En cuanto a Europa, de ser el continente más afectado, aunque de manera desigual, ha pasado a una posición bastante más tranquila "pese a los rebrotes". La respuesta que ha dado, pese a la descoordinación inicial, ha hablado muy bien de su modelo social, "capaz de amortiguar el golpe como en ningún otro lugar". Pero, sin duda, el acuerdo alcanzado por la Comisión Europea la pasada semana significa un antes y un después. De acuerdo con Borrell, hay que reconocer el papel de Macron y Merkel en todo este proceso de respuesta. Sin ellos ni siquiera se habría planteado un plan como el que finalmente se aprobó en la Comisión. "Ellos desbloquearon el proceso", aseguró Borrell.

 

De acuerdo con el también vicepresidente de la Comisión Europea, el acuerdo alcanzado ha roto una serie de tabús. El primero, que toda Europa se haya puesto de acuerdo para emitir deuda y, además, que se haya decidido que una parte muy importante de ella se utilice en transferencias directas. Este hecho, que todos los países hayan aceptado endeudarse para ayudar a los más afectados, es algo histórico. No obstante, aunque 750.000 millones de euros pueda parecer una cantidad enorme, Borrell recordó que no pasa de ser el 6% del PIB europeo, que si se tiene además en cuenta que se va a repartir en tres años, apenas es un 2% del PIB anual.

 

Interrogantes del Plan Next Generation UE

El alto representante europeo reconoce que el acuerdo también tiene un precio político que ya habrá tiempo de evaluar. También está pendiente ver cómo se amortiza esa deuda. Lo lógico es que sea a través de un incremento de los ingresos fiscales, porque no parecen posibles las otras dos opciones: ni los países van a querer aportar más ni se va poder gastar menos. También recordó que al Plan Next Generation UE, al que algunos añaden la coletilla "will pay" (Plan europeo que la próxima generación pagará), aún le queda un largo camino que recorrer, y aunque confía en que llegue a buen término, su necesaria aprobación por los parlamentos nacionales, y algunos regionales, y también por el Parlamento Europeo, no aseguran aún su puesta en marcha.

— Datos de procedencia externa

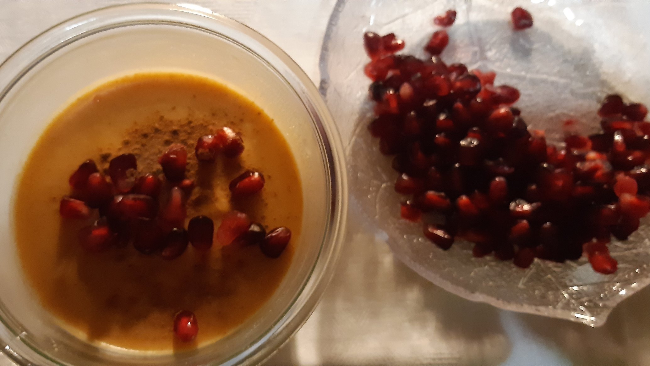 Die Süßkartoffeln halbieren, auf ein Blech mit Backpapier auf die Schnittfläche legen, mit Kartoffelgabel einstechen, ca. 45 Minuten bei 180 Grad Umluft in der Röhre garen – wenn Saft austritt noch ca. 15 Minuten! - Aus dem Ofen holen, abkühlen lassen, schälen, grob zerkleinern und in ein hohe Gefäß geben. Die restlichen Zutaten zugeben, alles pürieren, nochmals abschmecken. Jetzt ist eine recht flüssige Masse entstanden, die sich gut in Dessertgefäße abfüllen lässt und wirklich gut am Vortrag hergestellt werden kann. Ich habe Kekse auf den Grund der Dessertschalen gelegt und darauf die Masse gefüllt – und erst kurz vor dem Servieren nochmals Zimt und Granatäpfelkerne dekoriert.

Sea como sea, "no va a ser un proceso corto".

 

También recordó Borrell que la pandemia no ha acabado, ni desde el punto de vista sanitario ni desde el económico", y aunque en Europa la situación está más controlada "nadie puede considerarse a salvo si el vecino no lo está". La receta para los próximos meses es "convivir con el virus" y buscar el equilibrio entre las exigencias sanitarias y las económicas.

 

Tareas pendientes

En el plano geopolítico, por tanto, como resumió Borrell, la COVID-19 deja un escenario distinto al que había, con China reforzada y Estados Unidos en una situación complicada y a la que no está acostumbrada. Europa sale reforzada, pero con muchas tareas pendientes. A su juicio, una de ellas será ayudar a "nuestros vecinos africanos", aunque solo sea como una "forma de invertir en nuestra propia seguridad, tanto sanitaria como económica". Hacia dentro, la pandemia parece que va a ayudar -"a la fuerza ahorcan"- a arreglar una de las patas defectuosas con las que se diseñó el euro, la fiscal. "Al menos ahora le está empezando a crecer, aunque hasta dónde irá no lo sabemos". Por último, recordó que aunque en esta ocasión no va a haber "hombres de negro" exigiendo recortes y reformas a cambio de ayudas, sí hay condiciones, y el dinero tendrá que dedicarse a objetivos comunes, que tienen como punto común el desarrollo verde y el digital.